第四章 骨肉の争い(48)【頼朝 陰の如く、雷霆の如し】

 「その方、訊[たず]ねられたことにずっと簡単な言葉のみで答えておったのに、今の台詞[せりふ]だけやたら長い。人はのう、嘘[うそ]を吐く時、言い訳が織り交ざって言葉も長くなるものよ。郷[さと]御前の何を隠そうとした」
 頼朝[よりとも]が鋭く突く。静[しずか]御前の元々悪かった顔色がいっそう蒼褪[あおざ]める。
 「いいえ、何も」
 「他の女に聞くところによれば、元々郷御前は九郎の都落ちに付いていかなかったそうではないか」
 あっ、という顔をして、静御前は言葉を失った。京都守護職の北条時政[ときまさ]が、他の義経[よしつね]の女も尋問し、その内容を鎌倉に送っていたのだ。
 「何故、郷御前は付いていかなかったのだ」
 「それは……分かりませぬ」
「昨年、予は郷御前に予州(義経)と別れ、鎌倉へ戻るよう説いたが、あの女は予州を愛している故と首を縦に振らなかった。だのに、此度[こたび]は付いていかぬなど矛盾しておると思わぬか」
 静御前は、どう答えて良いか分からなくなったのか、困ったように眉根を寄せた。
 「郷御前も身重だったのではないか」
 静御前の顔が強張[こわば]る。
 「なるほどのう。何としても郷御前も捜し出し、生まれた子を取り上げねばならぬようだ」
 尋問の役は、再び藤原俊兼[としかね]に戻った。
 「それで、何故、吉野の山で別れたのか」
 「私が、足手まといになったからでございます」
 「見捨てられたのか」
 「伊予守[いよのかみ]様は雑色[ぞうしき]にわが身を預け、無事に下山できるよう計らってくださいました」
 「一人吹雪の中をさ迷い、死にかけたと聞くが」
 「下山した後も暮らしていけるよう、矢銭[やせん]を削って分け与えてくださいました。雑色がその銭を奪い、私を置き去りにしたのです」
 何とひどい話だろうかと、朝日[あさひ]御前は唇を噛んだ。子を孕[はら]んだ身で吹雪く山に捨てられた時の絶望はいかほどだったことか。

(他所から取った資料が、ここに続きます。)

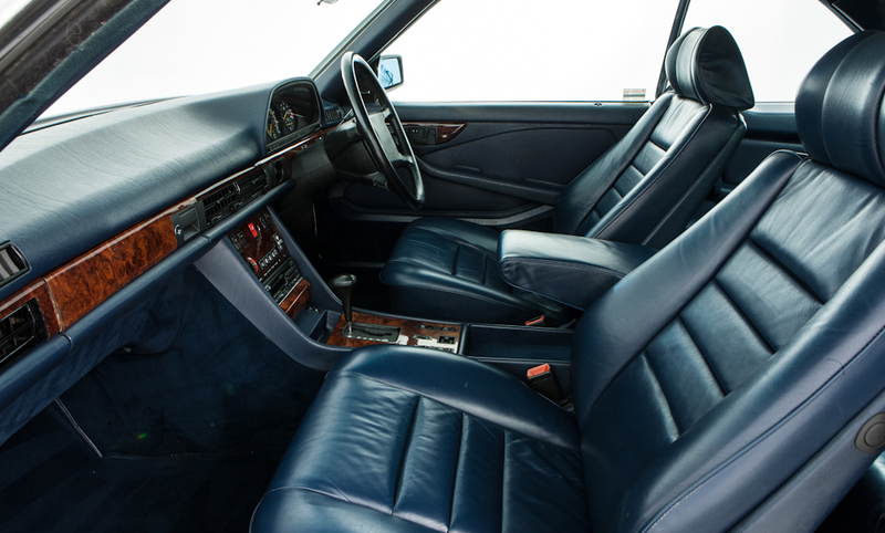 Classic White paintwork, Royal Blue leather upholstery, 15-hole light alloy wheels, Heated and electrically-adjustable front seats with driver and passenger memory function, Electric sunroof, Electric windows front and rear, Boot-mounted Engel refrigerator (factory option code 307), Limited slip differential, Cruise control, Automatic air conditioning, Self-levelling rear suspension, Leather steering wheel, Wood veneered dash and centre console, Front seat rear luggage nets, Folding rear headrests, ABS, Headlamp washers, Front fog lights, Heated door mirrors with nearside electric adjustment, JVC CD player, Automatic electric aerial, Mercedes first aid kit, Spare alloy wheel, Spare key.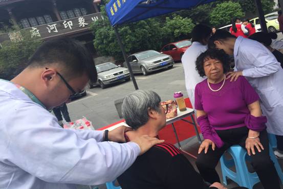 校功法队以精彩的五禽戏表演拉开活动序幕。参加义诊的专家有学校附属医院副主任医师杜怀斌、副主任医生胡泉以及针灸推拿学院研究生张达等。活动中,志愿者为社区居民开展了推拿按摩服务,向群众发放并讲解实用的中医药文化宣传手册,还通过中医健康知识有奖问答形式,为社区居民普及中医药文化知识并传播传统养生文化。校红十字协会的同学还进行了预防艾滋病的宣传。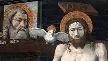 It is argued that in the relations between the persons of the Trinity, one person cannot "take" or "receive" (λήμψεται) anything from either of the others except by way of procession.[10] Biblical texts such as John 20:22,[11] were seen by Fathers of the Church, especially Athanasius of Alexandria, Cyril of Alexandria and Epiphanius of Salamis as grounds for saying that the Spirit "proceeds substantially from both" the Father and the Son.[12] Other texts that have been used include Galatians 4:6,[13] Romans 8:9,[14] Philippians 1:19,[15] where the Holy Spirit is called "the Spirit of the Son", "the Spirit of Christ", "the Spirit of Jesus Christ", and texts in the Gospel of John on the sending of the Holy Spirit by Jesus,[16] and John 16:7.[17][10] Revelation 22:1[18] states that the river of the Water of Life in Heaven is "flowing from the throne of God and of the Lamb", which may be interpreted as the Holy Spirit proceeding from both the Father and the Son. Tension can be seen in comparing these two passages: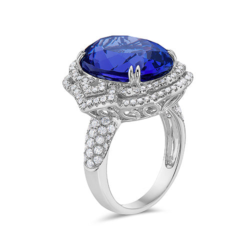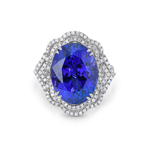 This gorgeous 14.00 ctw oval shaped tanzanite ring is accented with 0.90 ctw white diamonds set in 950 platinum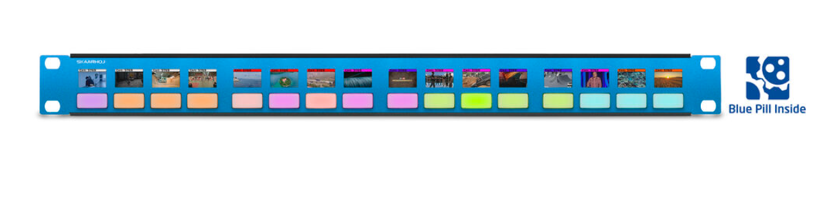 The SKAARHOJ Frame Shot Uno with Blue Pill Inside is a professional 1RU rack-mounted universal control panel featuring 16 programmable RGB buttons with animated displays, designed for flexible video switching and source control in broadcast environments.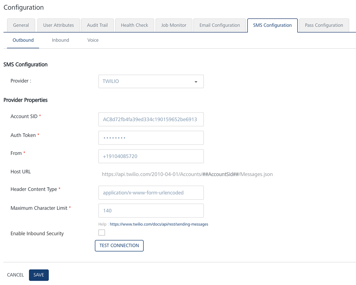 Outbound: In the SMS Configuration section, select the provider from the drop-down list to setup the account. The following example displays the Twilio as the selected SMS service provider.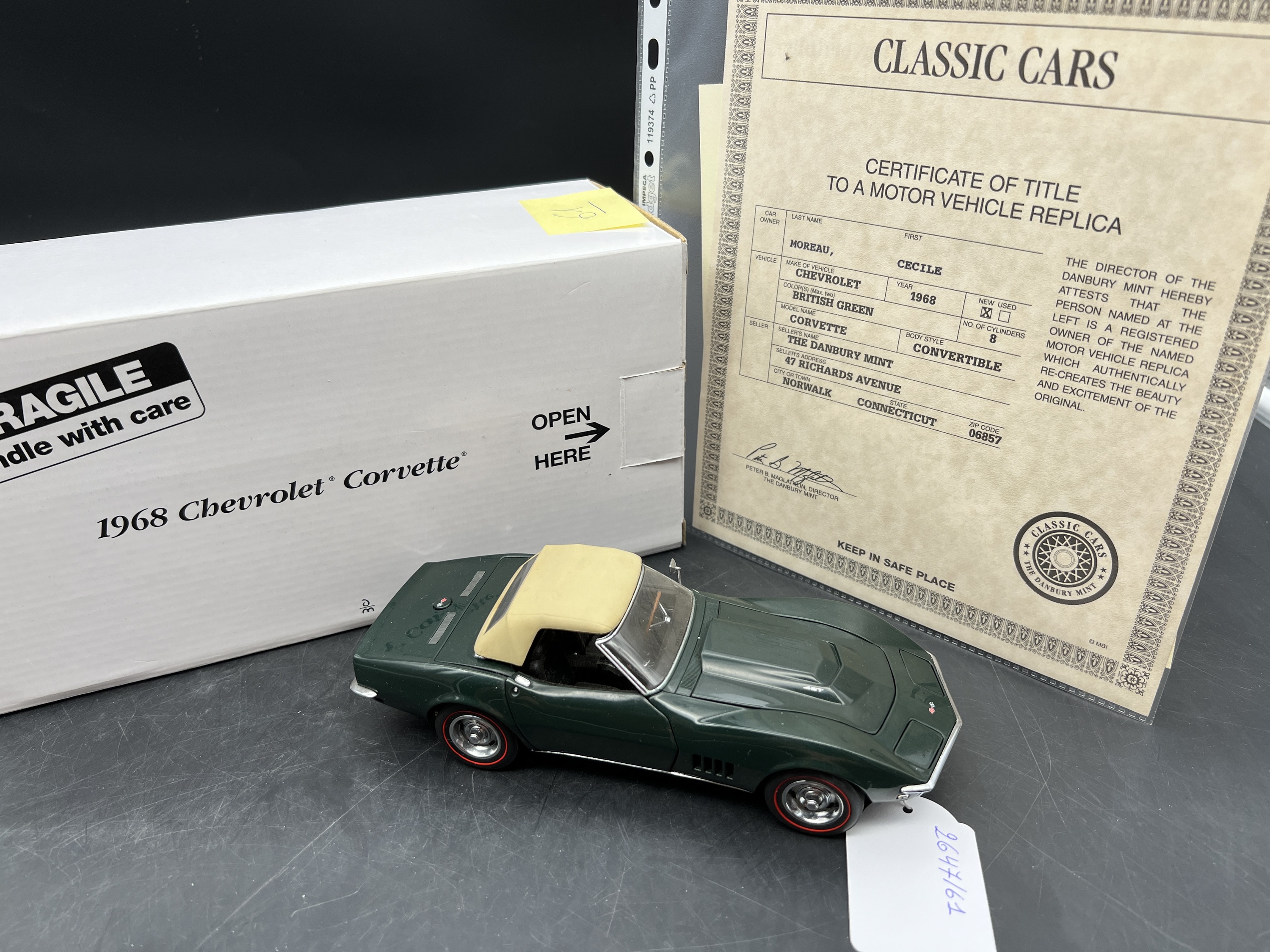 Danbury Mint Model 1/24è, Voiture Chevrolet corvette convertible British green 1968, boite + certificat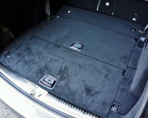 The standard power release buttons for folding the second-row seats down, which can be found right next to the seats on each side door sidewall, or from the cargo area sidewalls, make easy work of opening up the luggage area, while they flip down to an almost completely flat load floor. The only heavy lifting is caused by the incredibly beefy, over-engineered retractable cargo cover cross-member, which took a little more muscle to extract than expected. Still, it’s nice to know it was designed to last through the apocalypse, let alone double as a rear strut tower brace.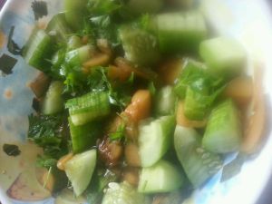 最后加入香菜促进,珍选捞汁.盐.(深色的是我冷藏一天之后得)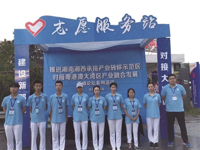 7月29日至7月31日,“推进湘南湘西承接产业转移示范区对接粤港澳大湾区产业融合发展”高峰论坛系列活动(以下简称“高峰论坛活动”)在邵阳举行。在三天当中,身穿蓝色T恤的志愿者,成为高峰论坛活动中的一道靓丽风景,他们用礼貌和微笑、汗水和努力,向所有领导和客商展示了好客邵阳的开放情怀。

 「予州の一行は、その後どこへ向かうと申しておった」
 「何も聞いておりませぬ」
 「嘘を申すでない。正直に言わねば、体に訊[き]くことになるのだぞ」
 「どれほど訊かれても、知らぬのです」
 静御前の呼吸が荒くなってきた。腹を手で押さえている。体が辛[つら]いのだろう。「もう、そこまでに」と口を開きかけた朝日御前より早く、龍[たつ]姫が立ち上がった。